Sex
and World Peace - Book
Valerie M. Hudson, Bonnie Ballif-Spanvill, Mary Caprioli, and
Chad F. Emmett
April, 2012
Cloth, 304 pages, 11 color maps, I figure, 17 tables
ISBN: 978-0-231-13182-7
$26.50 /
£18.50
Sex and World Peace unsettles a variety of assumptions in
political and security discourse, demonstrating that the security of women is a
vital factor in the security of the state and its incidence of conflict and
war.
The authors compare micro-level gender violence and macro-level state
peacefulness in global settings, supporting their findings with detailed
analyses and color maps. Harnessing an immense amount of data, they call
attention to discrepancies between national laws protecting women and the
enforcement of those laws, and they note the adverse effects on state security
of abnormal sex ratios favoring males, the practice of polygamy, and
inequitable realities in family law, among other gendered aggressions.
The authors find that the treatment of women informs human interaction at all
levels of society. Their research challenges conventional definitions of
security and democracy and shows that the treatment of gender, played out on
the world stage, informs the true clash of civilizations. In terms of resolving
these injustices, the authors examine top-down and bottom-up approaches to
healing wounds of violence against women, as well as ways to rectify
inequalities in family law and the lack of parity in decision-making councils.
Emphasizing the importance of an R2PW, or state responsibility to protect
women, they mount a solid campaign against women's systemic insecurity, which
effectively unravels the security of all.
About the Author
Valerie M. Hudson is professor and George H.W. Bush Chair
at The Bush School of Government and Public Service at Texas A&M
University. Her research concerns foreign policy analysis, security studies,
gender and international relations, and methodology, and her articles have
appeared in such journals as International Security, Journal of Peace
Research, Political Psychology, and Foreign Policy Analysis.
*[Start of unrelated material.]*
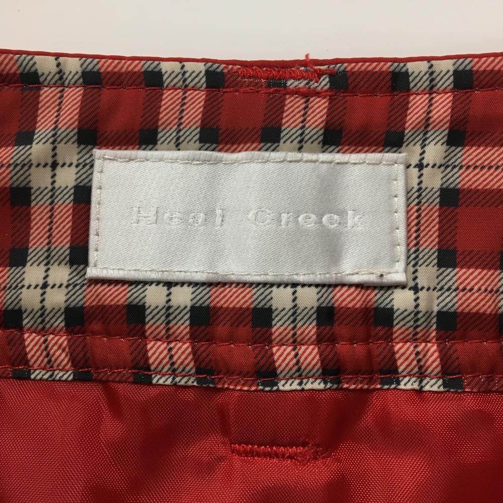 【超美品】ヒールクリーク 中綿スカート レッド ポケット口チェック レディース 38(S) ゴルフウェア Heal Creek

She is the author or editor of several books, including, with Andrea Den Boer, Bare
Branches: The Security Implications of Asia's Surplus Male Population,
which won the American Association of Publishers Award for Best Book in
Political Science and the Otis Dudley Duncan Award for Best Book in Social
Demography. She was named one of Foreign Policy's Top 100 Global
Thinkers of 2009. Bonnie Ballif-Spanvill is professor emeritus of psychology at
Brigham Young University and the last director of its Women's Research
Institute. She is a fellow in both the Association for Psychological Science
and the American Psychological Association. Her research focuses on interpersonal
violence and peace. She is a coauthor of Peaceabilities: Compelling Stories
and Activities That Develop Abilities of Children to Live Peacefully with
Others and coeditor of A Chorus for Peace: A Global Anthology of Poetry
by Women. Mary Caprioli is associate professor, Head of the Department of
Political Science, and Director of International Studies at the University of
Minnesota Duluth. She pioneered a new line of scholarly inquiry between the
security of women and the national and international behavior of states and
confirmed the link using quantitative methodology. She is an associate editor
for Foreign Policy Analysis, an editorial board member for the Peace
and Conflict Report, and an advisory board member for the Minorities at
Risk Project. She is also a member of the International Group of Experts for
the UNSCR 1325 Research Group of the government of Sweden. Chad F. Emmett is an
associate professor of geography at Brigham Young University focused on
researching the peaceful sharing of space between Israelis and Palestinians,
Christians and Muslims, men and women, and other supposedly opposing groups. He
is the author of Beyond the Basilica: Christians and Muslims in Nazareth.